We can recognise that a witness maybe prescribed because they are a child, they may have a cognitive impairment, there may be a developmental issue, but my understanding from that briefing is that this section will capture people with a specific mental health need. For people who carry within them the deep trauma and scars of child sexual abuse, I would hope that that of itself is enough to allow the judge to make an assessment that a witness can have that support. I note that in the assessment report, section 7I, the judge is not compelled on the basis of an assessment of the report to make an order if they are satisfied it is unnecessary or inappropriate to make the order or the witness does not wish the order to be made, or the making of the order would be contrary to the interests of justice. This is where, as I understand it, minister, the respect for the rights of a child come in to have a say in whether they want that witness intermediary assistance during an evidence-giving process.

For those of us who followed the royal commission and a number of its hearings and read as much as we could of the testimony and the subsequent recommendations, we recognise that this journey towards making sure that children are safe in institutions and our communities is a long way from over. While governments are progressively giving effect to the recommendations of the royal commission, in many ways there is only so much the law can do to keep children safe and it becomes a whole-of-community responsibility. I am certain that this parliament will see other legislation come before it to give effect to other aspects of the royal commission's work or to improve legislation we have already enacted.

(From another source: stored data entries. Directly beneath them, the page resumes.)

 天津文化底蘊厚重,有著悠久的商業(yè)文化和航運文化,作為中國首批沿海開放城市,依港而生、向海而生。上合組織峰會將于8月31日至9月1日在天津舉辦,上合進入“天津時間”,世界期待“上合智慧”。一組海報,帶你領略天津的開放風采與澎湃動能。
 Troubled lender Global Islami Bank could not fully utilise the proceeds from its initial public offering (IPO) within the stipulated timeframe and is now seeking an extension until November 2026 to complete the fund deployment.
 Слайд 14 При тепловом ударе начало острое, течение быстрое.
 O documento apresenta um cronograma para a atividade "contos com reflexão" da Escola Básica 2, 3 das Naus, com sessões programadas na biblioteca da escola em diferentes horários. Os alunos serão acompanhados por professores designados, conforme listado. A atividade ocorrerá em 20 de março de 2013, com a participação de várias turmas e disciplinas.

Before I wind up I acknowledge that the Minister for Education and Training has initiated an independent inquiry into how the Department of Education responds to the risk of abuse in public education facilities, including TasTAFE. I am going to talk to the minister about this at some point this week, but I had a briefing last week. I share the concerns of survivors about how the scope of this inquiry could be narrowed where it will become forward-looking, because there is a very real risk here that if we do not make sure the independent reviewer is given the greatest possible scope to invite survivors, family and other members of school communities who may have important information to come forward about historical abuse, we run the very real risk of retraumatising people, because the royal commission did not deal with the public education system.

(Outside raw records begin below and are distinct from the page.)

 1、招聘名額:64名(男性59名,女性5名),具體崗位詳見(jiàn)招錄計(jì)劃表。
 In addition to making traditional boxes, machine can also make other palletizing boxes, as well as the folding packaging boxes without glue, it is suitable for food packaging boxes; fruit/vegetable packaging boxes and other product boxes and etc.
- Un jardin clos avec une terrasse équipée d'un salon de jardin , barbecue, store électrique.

The royal commission's work was focused on institutions such as the Catholic Church, the Anglican Church, the Salvation Army and a number of other institutions where for periods the abuse and harm of children was rife and systemic. The royal commission did not deal with Tasmania's Department of Education, for example, and we know that there were children who were harmed by employees of the Tasmanian Education department historically. We have to make sure that those survivors or family members of victims are invited to give testimony to the independent inquiry process because unless you confront what happened historically, not only are you potentially depriving survivors of justice, but it is very difficult to map a clear safe path forward in our schools and other public educational institutions.

I know that the Minister for Education and Training feels passionately about the safety and wellbeing of children. I simply encourage him to make sure that he gives that independent reviewer, whoever they are, the greatest possible authority to conduct that review process in a way that is sensitive and rigorous, and that Tasmanians who experienced abuse in a public education setting historically are respected and invited to be heard. It will be that knowledge and testimony which will help us as Tasmanians - this parliament, the minister and the department - to make sure that our outstanding Department of Education has the most robust child-focused, trauma-informed responses in place for every child who goes through the education system in a public setting in Tasmania.

With those few words, I am very glad to say the Greens will be supporting this legislation.